Saturday, April 26, 2008

From Gitmo to Mass Incarceration

In the latest example of the US media treating our war on terror practices as having no relationship to our routine penal policies, the New York Times carries an article by William Glaberson that powerfully describes the mental destruction of terror suspect (and famed litigant) Salim Hamdan:

Next month, Salim Ahmed Hamdan, a Yemeni who was once a driver for Osama bin Laden, could become the first detainee to be tried for war crimes in Guantánamo Bay, Cuba. By now, he should be busily working on his defense.

But his lawyers say he cannot. They say Mr. Hamdan has essentially been driven crazy by solitary confinement in an 8-foot-by-12-foot cell where he spends at least 22 hours a day, goes to the bathroom and eats all his meals.

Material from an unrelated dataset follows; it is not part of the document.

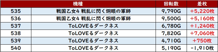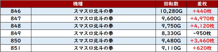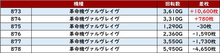 その稼働の高さも相まり、差枚数+1.3万枚超えを筆頭に半数が差枚数+8,200枚超えという凄まじい出玉感を叩き出した!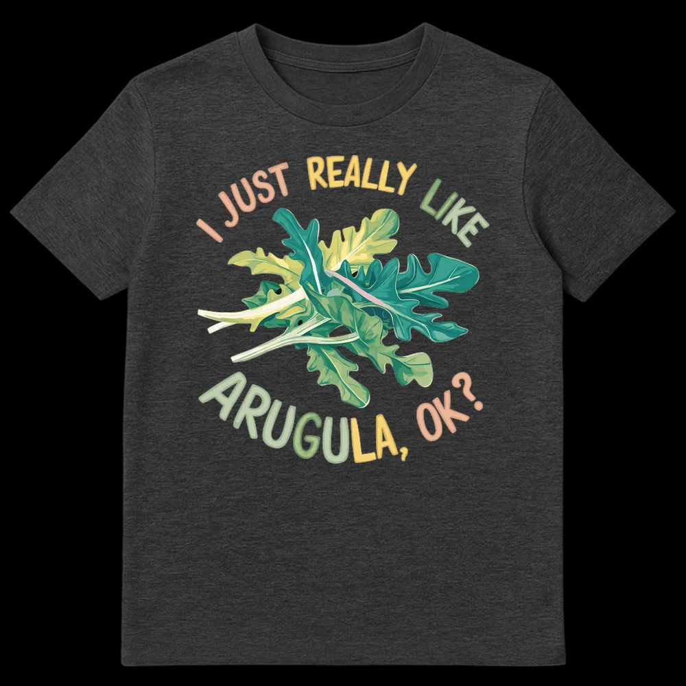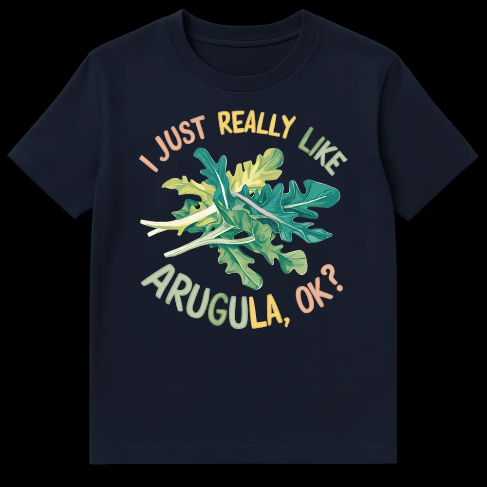 Declare your love for the peppery green with our “I JUST REALLY LIKE ARUGULA, OK?” t-shirt. This design features a vibrant, cartoon-style arugula illustration alongside a playfully assertive slogan, perfect for anyone with strong, delicious opinions. It’s a fun, relatable statement for vegetarians, gardeners, or any passionate foodie.

His defense team says he is suicidal, hears voices, has flashbacks, talks to himself and says the restrictions of Guantánamo “boil his mind.”

“He will shout at us,” said his military defense lawyer, Lt. Cmdr. Brian L. Mizer. “He will bang his fists on the table.”

His lawyers have asked a military judge to stop his case until Mr. Hamdan is placed in less restrictive conditions at Guantánamo, saying he cannot get a fair trial if he cannot focus on defending himself. The judge is to hear arguments as soon as Monday on whether he has the power to consider the claim.

Critics have long asserted that Guantánamo’s climate-controlled isolation is a breeding ground for madness. But turning that into a legal claim marks a new stage for the military commissions at Guantánamo. As military prosecutors push to get trials under way, they are being met with challenges not just to the charges, but to Guantánamo itself.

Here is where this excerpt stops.